-- DATA EXCERPTS follows --

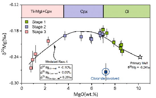 研究团队使用同位素质量平衡模型,估计了主要含Mg矿物橄榄石(Ol)、单斜辉石(Cpx)以及钛磁铁矿(Ti-Mgt)与熔体间表观分馏系数Δ26Mgmineral-melt。模拟结果表明,当Δ26MgOl-melt≈-0.10 ‰,Δ26MgCpx-melt≈0.00 ‰,以及Δ26MgTi-Mgt-melt≈0.20 ‰时,矿物结晶可以很好地解释样品中的Mg同位素变化(图2)。该研究的一个重要结论是,当使用幔源熔体的Mg同位素组成来约束其地幔源区组成时,需要考虑岩浆演化过程中分离结晶的影响。
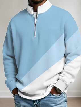 Муж. Геометрический принт Контрастных цветов Рубашки-поло на молнии Длинный рукав Футболки поло дедушкин воротник На каждый день Школа Одежда для спорта и отдыха Праздники На каждый день 3D
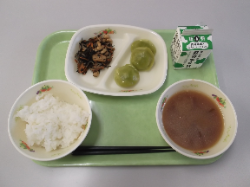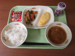 今日はチーズオムレツ、豚肉の黒酢炒め、つみれ汁、黒糖大豆です。
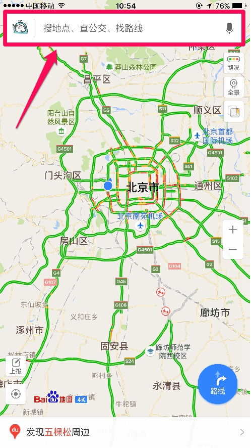 我们以从当前位置(五棵松)到公主坟为目的地进行路线查询,首先需要搜索要去往的目的地。如下图所示,在红框内搜索地点
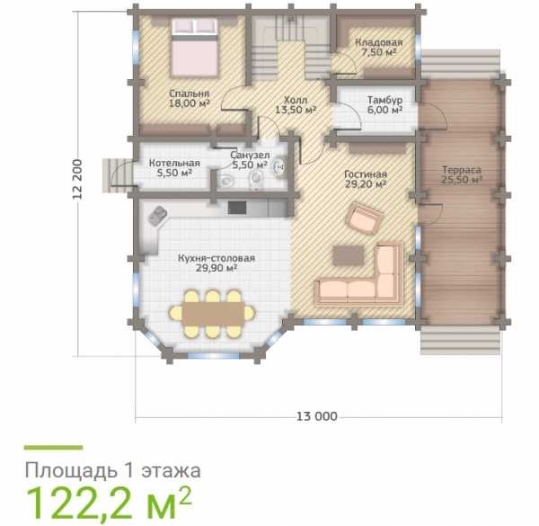 Дома из клееного бруса — проекты с площадью и планировкой
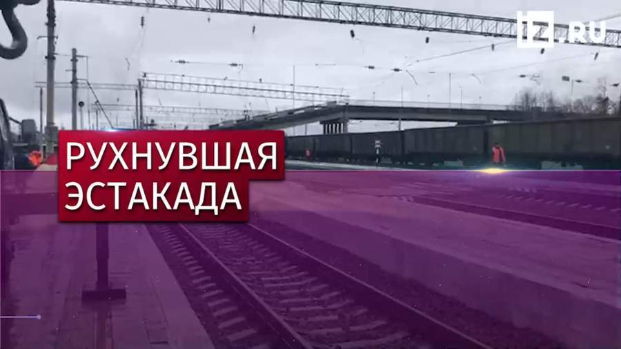 Конструкция обрушилась на проходящий грузовой состав. Пострадал один человек — водитель самосвала, проезжавшего по эстакаде.
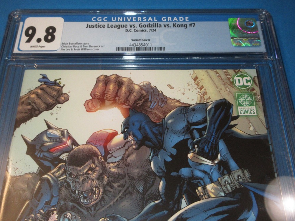 This auction is for Justice League vs Godzilla vs Kong #7 variant in CGC 9.8 with a new case condition. This week we are selling an incredible collection including Amazing Spider-man , Silver Surfer, Dr. Strange, X-men, Iron Man, Hulk, Fantastic Four, Black Panther, Batman, CGC books and many other 1st appearance key issues. You are sure to find something you are looking for this week. Bonus Offer! Win 2 or more comics and get a bonus comics (10 dollar minimum) and an upgraded bonus if you win 10 auctions. Our Shipping rates are: USA: 5 dollar flat rate shipping on raw comics with no limit. Canada: 16 Dollars for the 1st comic and 1.50 each after that. International: 18 dollars for the 1st comic and 1.50 each after that. CGC books are 11.99 flat rate shipping for up to 20 CGC slabs in the USA, 24 bucks and 12 combined for Canada and 28 bucks and 14 combined for international. Australia is more. Feel free to ask questions. I guarantee superfast Domestic shipping! ...to open their eyes...that they may receive forgiveness of sins and a place among those who are sanctified by faith in me. Acts 26:18

-- DATA EXCERPTS concluded --

> **TO DO**
The response must match the data line for line, from its first line through the line with "Конструкция обрушилась на", inclusive, and must leave out the pictures.

> **OUTPUT FOR THIS EXERCISE**
 研究团队使用同位素质量平衡模型,估计了主要含Mg矿物橄榄石(Ol)、单斜辉石(Cpx)以及钛磁铁矿(Ti-Mgt)与熔体间表观分馏系数Δ26Mgmineral-melt。模拟结果表明,当Δ26MgOl-melt≈-0.10 ‰,Δ26MgCpx-melt≈0.00 ‰,以及Δ26MgTi-Mgt-melt≈0.20 ‰时,矿物结晶可以很好地解释样品中的Mg同位素变化(图2)。该研究的一个重要结论是,当使用幔源熔体的Mg同位素组成来约束其地幔源区组成时,需要考虑岩浆演化过程中分离结晶的影响。
 Муж. Геометрический принт Контрастных цветов Рубашки-поло на молнии Длинный рукав Футболки поло дедушкин воротник На каждый день Школа Одежда для спорта и отдыха Праздники На каждый день 3D
 今日はチーズオムレツ、豚肉の黒酢炒め、つみれ汁、黒糖大豆です。
 我们以从当前位置(五棵松)到公主坟为目的地进行路线查询,首先需要搜索要去往的目的地。如下图所示,在红框内搜索地点
 Дома из клееного бруса — проекты с площадью и планировкой
 Конструкция обрушилась на проходящий грузовой состав. Пострадал один человек — водитель самосвала, проезжавшего по эстакаде.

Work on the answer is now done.